Although DBV infection can activate B cells and cause them to replicate at a low level, most activated B cells are not infected with DBV. Despite limited viral infection and replication efficiency in peripheral blood B cells, the B cell lineage contributes to B cells activation (56). The sirtuin and IFN signaling pathways exhibit broad induction in the whole B cell population of patients who die of the disease, whereas the infected B cell population shows a specific reduction in these pathways compared to the uninfected population (57). This may be due to uninfected immune cells attempting to activate the IFN and sirtuin pathways to against virus. DBV infection of B cells induces uninfected B cells to produce cytokines and chemokines, such as IL-6 in vitro ( 56). However, DBV-infected B cells can block their signaling pathways and hamper paracrine effects on neighboring uninfected cells in vivo ultimately allowing high viral replication (33, 57). This may help DBV evade the host immune system (59).
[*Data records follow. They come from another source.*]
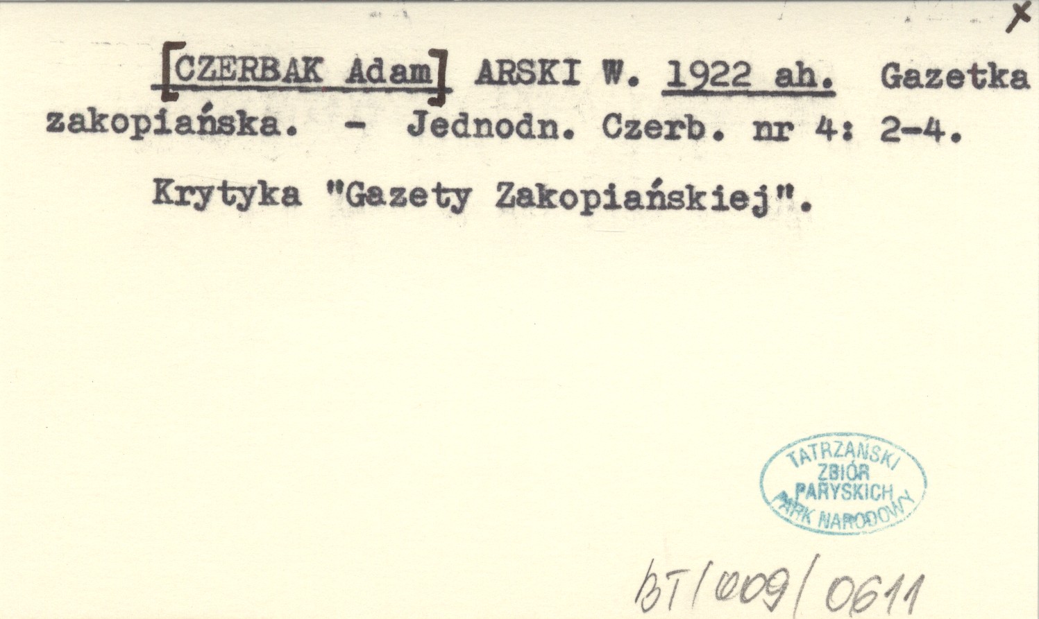 [CZERBAK Adam] ARSKI, W. ; 1922 ah Gazetka zakopiańska.
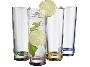 Стеклянный набор Rocco из 4 предметов. Яркий цветной набор для холодных напитков из 4 предметов. Объем одного стакана 270 мл. Можно мыть в посудомоечной машине. Упакован в коробку Avenue. Стекло.
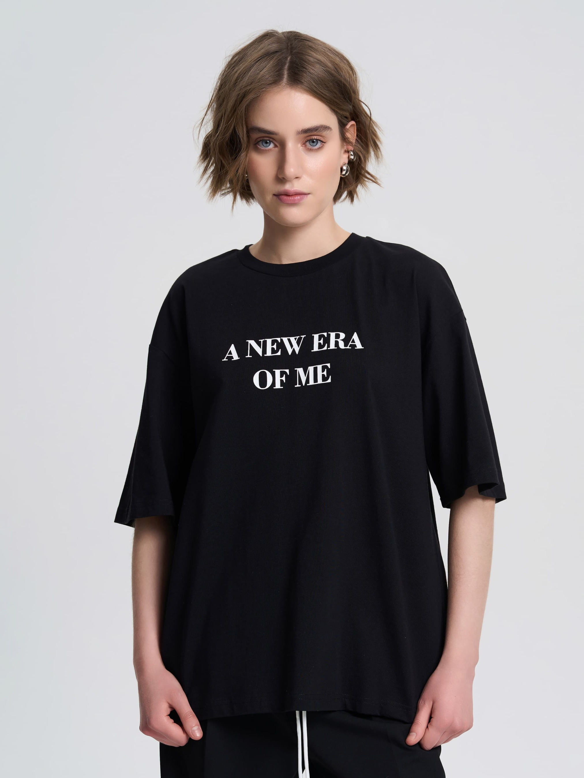 Женская футболка свободного кроя, сочетающая комфорт и современный вид. Модель с приспущенным рукавом и классическим круглым вырезом. Впереди размещена надпись "A new era of me", придающая изделию особый характер. Футболка легко сочетается с джинсами, шортами или юбками, становясь идеальным выбором для повседневных и стильных образов. Материал Тонкая, легкая ткань, приятно прилегает к телу, не электризуется. Отлично поглощает излишки влаги при активности. Обладает высокой воздухопроницаемостью, поддерживая комфортную температуру тела. Рекомендации по уходу Стирать вручную или на деликатном режиме при температуре не выше 40°C. Отжимать на низких оборотах. Сушить в хорошо проветриваемых помещениях. Не размещать под прямыми солнечными лучами или возле отопительных приборов.
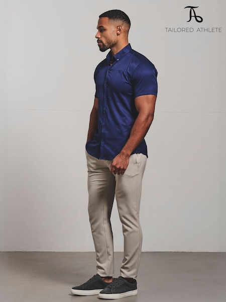 Tailored Athlete Blue Muscle Fit Short Sleeve Signature Shirt

DBV infection impairs DCs differentiation and function (58) hindering the development of T follicular helper cells and compromising the effectiveness of virus-specific humoral response (37). T-cell depletion is prevalent during the initial stages of DBV infection, particularly in patients with severe underlying conditions (46). Moreover, changes in T lymphocytes are similar to the overall dynamics of lymphocytes. CD4+ T cell deficiency and Th2 and Th17 bias are strongly correlated with SFTS severity (60). The significant decrease of peripheral T cells is revealed as its apoptosis via the Fas/FasL pathway in patients with SFTS (53). High levels of PD-1 expression are detected in exhausted T cells (61–63) in some chronic viral infections. Approximately 20% of CD4+ and CD8+ T cells display increased PD-1 expression, enhanced cytotoxicity, and effector functions in the early stages of DBV infection (53, 64). Additionally, CD8+ T cells that are similar to the response of antigen-specific T cells during acute viral infections exhibit a stronger response than CD4+ T cells (65). They can be activated rapidly and are recruited mainly by intermediate monocytes via CXCL10 (66). The differentiation from classical to intermediate monocytes in SFTS patients may lead to enhanced CD8+ T cell recruitment and an extensive immunological response. Cellular immunity is critical for virus clearance on antiviral immunity. However, T cell apoptosis, exhaustion, and decreased numbers occur with disease progression, indicating potential impairment of cellular immunity (64).